# The Unapologetic Mathematician

## Rubik’s 7x7x7 Cube

From Alexandre Borovik I find this video of someone solving the “order seven” Rubik’s Cube.

I’m not about to sit down and work up a solution like we did before, but it shouldn’t be impossible to repeat the same sort of analysis. I will point out, however, that the solver in this video is making heavy use of both of our solution techniques: commutators and a tower of nested subgroups.

The nested subgroups are obvious. As the solution progresses, more and more structure becomes apparent, and is preserved as the solution continues. In particular, the solver builds up the centers of faces and then slips to the subgroup of maneuvers which leaves such “big centers” fixed in place. Near the end, almost all of the moves are twists of the outer faces, because these are assured not to affect anything but the edge and corner cubies.

The commutators take a quicker eye to spot, but they’re in there. Watch how many times he’ll do a couple twists, a short maneuver, and then undo those couple twists. Just as we used such commutators, these provide easy generalizations of basic cycles, and they form the heart of this solver’s algorithm.

Alexandre asked a question about the asymptotic growth of the “worst assembly time” for the $n\times n\times n$ cube. What this is really asking is for the “diameter” of the $n$th Rubik’s group $G_n$. I don’t know offhand what this would be, but here’s a way to get at a rough estimate.

First, find a similar expression for the structure of $G_n$ as we found before for $G_3$. Then what basic twists do we have? For $n=3$ we had all six faces, which could be turned either way, and we let the center slices be fixed. In general we’ll have $\lfloor\frac{n}{2}\rfloor$ slices in each of six directions, each of which can be turned either way, for a total of $12\lfloor\frac{n}{2}\rfloor$ generators (and their inverses). But each generator should (usually) be followed by a different one, and definitely not by its own inverse. Thus we can estimate the number of words of length $l$ as $\left(12\lfloor\frac{n}{2}\rfloor-2\right)^l$. Then the structure of $G_n$ gives us a total size of the group, and the diameter should be about $\log_{\left(12\lfloor\frac{n}{2}\rfloor-2\right)}(|G_n|)$. Notice that for $n=3$ this gives us $20$, which isn’t far off from the known upper bound of $26$ quarter-turns.

February 19, 2008 - Posted by | Rubik\'s Cube, Special Topics

1. To answer Borovik’s question — I think the answer, for large n, is something like Cn2/log(n). I may try to explain this in more detail but the computation’s kind of confusing.

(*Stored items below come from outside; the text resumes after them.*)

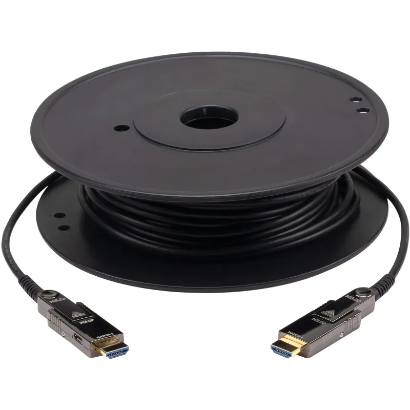 LOS CABLES ÓPTICOS VE7831A DE ATEN: Los cables ópticos VE7831A de ATEN utilizan la tecnología AOC, que permite convertir las señales de entrada en señales de salida para obtener transmisiones de datos óptimas que requieren un ancho de banda elevado. Los cables ópticos resistentes a la EMI tienen una longitud de 10 m y son totalmente compatibles con las resoluciones True 4K. Cumplen íntegramente con los estándares HDCP 2.2 y satisfacen las especificaciones HDMI, entre las que se incluyen 3D y Color Profundo. Además, ofrecen velocidades de transmisión de datos de hasta 18 Gbps. Al ser compatibles con Dolby True HD y DTS-HD Master Audio, estos cables ópticos garantizan transmisiones de señales de audio sin pérdidas. Por otro lado, esta serie de cables incluye un canal Ethernet HDMI (HEC) que permite combinar flujos de audio, vídeo y datos en un mismo cable, lo que permite compartir tanto la conexión a Internet como las aplicaciones basadas en IP a través de HDMI. Asimismo, es compatible con el canal de retorno de audio (ARC). Esto permite transmitir la señal de audio desde y hacia el televisor y el sistema de audio, lo que reduce el número de cables necesarios entre el televisor y el sistema de cine en casa o la barra de sonido externos.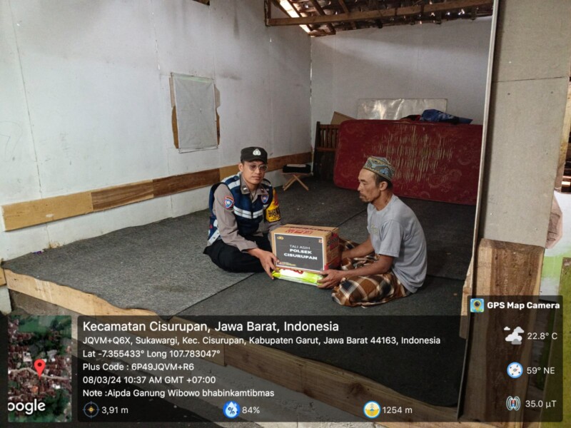 Kapolsek Cisurupan IPTU Asep Saepudin, S.H. didampingi anggota Bhabinkamtibmas Desa Sukatani Aipda Ganung Wibowo melaksanakan kegiatan Jum’at Berkah dengan berkunjung bersilaturahmi dan memberikan tali asih kepada Bapak Ohib (60) berprofesi sebagai guru ngaji di wilayah tersebut.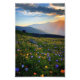 "Traga a beleza da natureza para o seu espaço com este poster do vale da montanha espantoso. Apresentando flores silvestres vibrantes no florescimento de cheios contra um pano de fundo de montanha impressionante, esse trabalho de arte capta a serenidade e o encanto do excelente ao ar livre."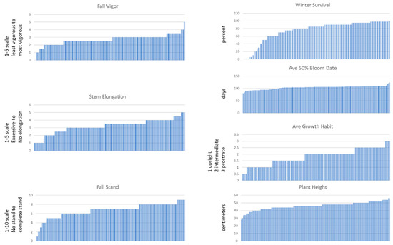 Phenotypic variations for several agronomic traits of interest within the diversity panel. Fall vigor, stem elongation, and fall stand were evaluated on a 1:5, 1:5, and 1:10 visual scale, respectively. Winter survival was an estimate percentage, average 50% bloom date was the average days to 50% flowering for 2016 and 2018, average growth habit was scored as 1 = upright, 2 = intermediate, and 3 = prostrate, plant height was the height of the topmost flowers in inches.

But to give a sketch: to estimate |G_n| sufficiently precisely to get the sort of estimate you’re looking for (which really is not that precisely at all), you have to consider:
– first, the orbits of indidivudal cubicles under the action of the various generators of the group;
– second, the orientations that cubicles within each orbit can take.
For example, in your previous analysis there are eight corner cubicles, which can be placed in the eight corner spaces in 8! different ways; there are then 38 ways to orient them.
Then there’s a factor that we have to divide by (12 in the n = 3 case) which is the number of orbits that you mention here. I’m assuming this factor doesn’t grow too quickly with n, for no good reason.

It turns out that for large n, “most” of the multiplicative factors in the upper bound one obtains for |G_n| in this way come from cubicles which are in the interior of one face or another, and not on any of the symmetry planes of the cube. In particular, there are roughly n2/8 different orbits of face cubicles; each of them is of size 48. So the number of possible positions |G_n| is in some sense “like” (48!)^(n^2/8); so log |G_n| is n2 times a constant. The log n in the denominator comes from the fact that your estimate of the denominator is the base-O(n) log of |G_n|.

The constant C which I mentioned above is log(48!)/8, which is about 18 if you use natural logs — but don’t try to test it on known results for n = 3, because the 3-by-3-by-3 cube looks nothing like the general case. In the traditional cube the faces have no interiors!

This might turn into a post on my blog… but I’ve really got other, more important things I should be writing about!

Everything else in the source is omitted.